In the records below, find the line containing "右上圖為牧民養的奶牛,右圖二為具有后藏特色的民居。(中國臺灣網 李典典攝)" and the line containing "KIT composto por". Give again exactly those lines and every line between them, omitting the pictures.

- [Supplied records]

"""

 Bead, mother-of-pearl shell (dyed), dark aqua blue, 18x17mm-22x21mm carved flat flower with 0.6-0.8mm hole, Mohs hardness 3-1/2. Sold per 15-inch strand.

"""
"""

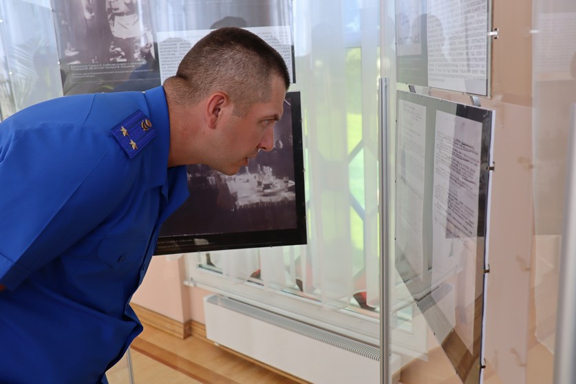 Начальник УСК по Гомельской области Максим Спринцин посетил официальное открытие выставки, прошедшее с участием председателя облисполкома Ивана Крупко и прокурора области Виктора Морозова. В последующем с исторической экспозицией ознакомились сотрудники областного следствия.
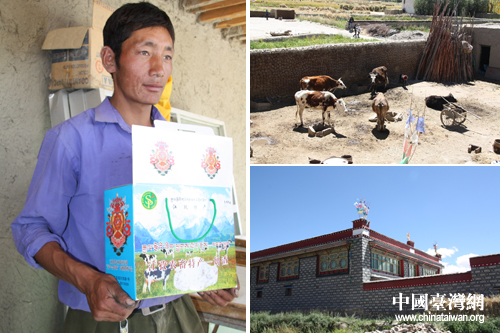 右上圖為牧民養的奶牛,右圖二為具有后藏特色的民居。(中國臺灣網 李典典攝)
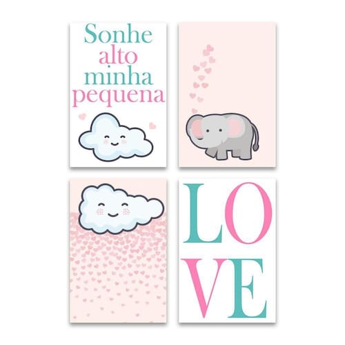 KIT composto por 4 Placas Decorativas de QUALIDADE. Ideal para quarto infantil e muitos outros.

"""
"""

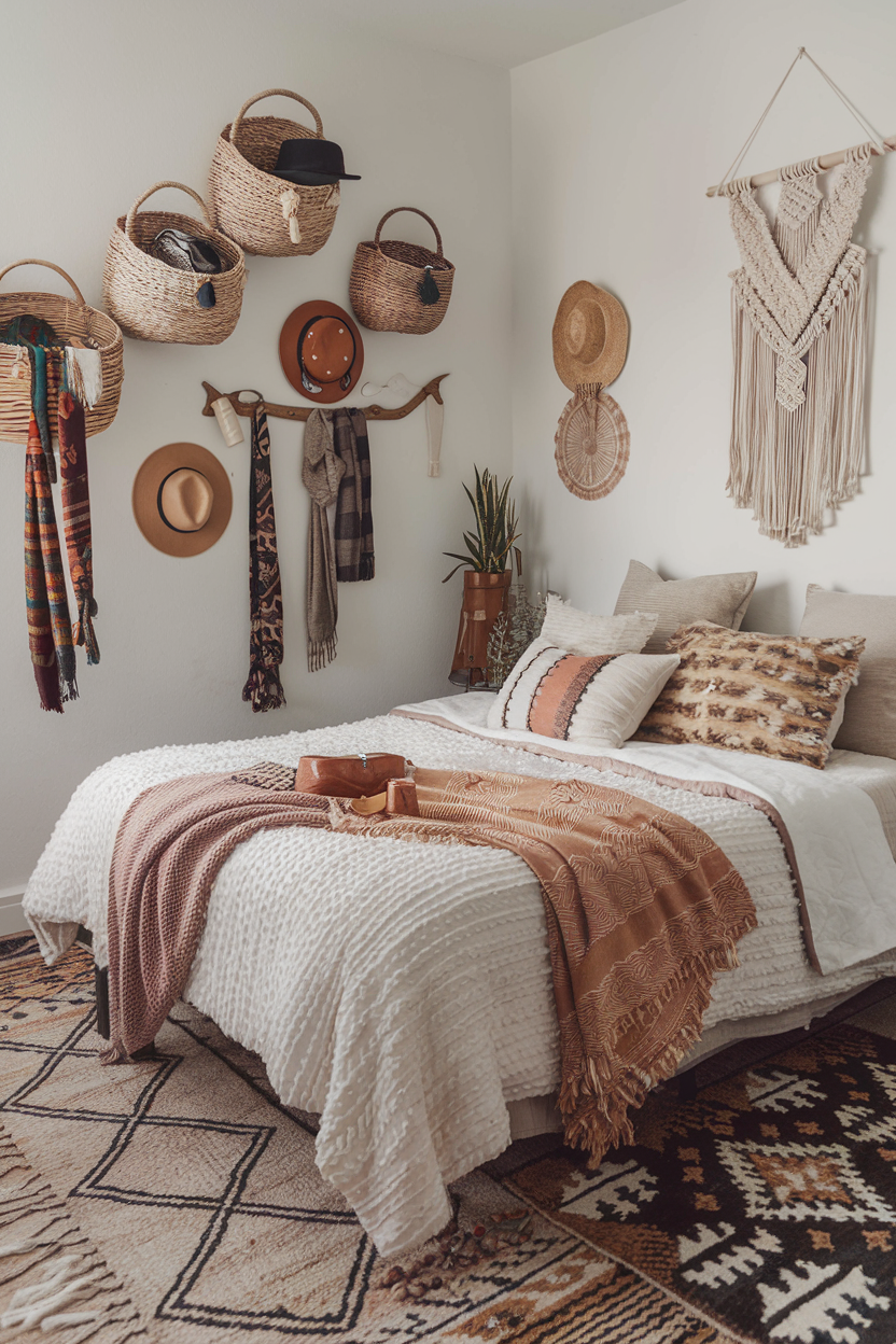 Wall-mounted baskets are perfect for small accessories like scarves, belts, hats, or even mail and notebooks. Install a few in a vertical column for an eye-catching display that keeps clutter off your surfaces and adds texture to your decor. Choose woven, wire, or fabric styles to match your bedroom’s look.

"""

- [Task answer]
 右上圖為牧民養的奶牛,右圖二為具有后藏特色的民居。(中國臺灣網 李典典攝)
 KIT composto por 4 Placas Decorativas de QUALIDADE. Ideal para quarto infantil e muitos outros.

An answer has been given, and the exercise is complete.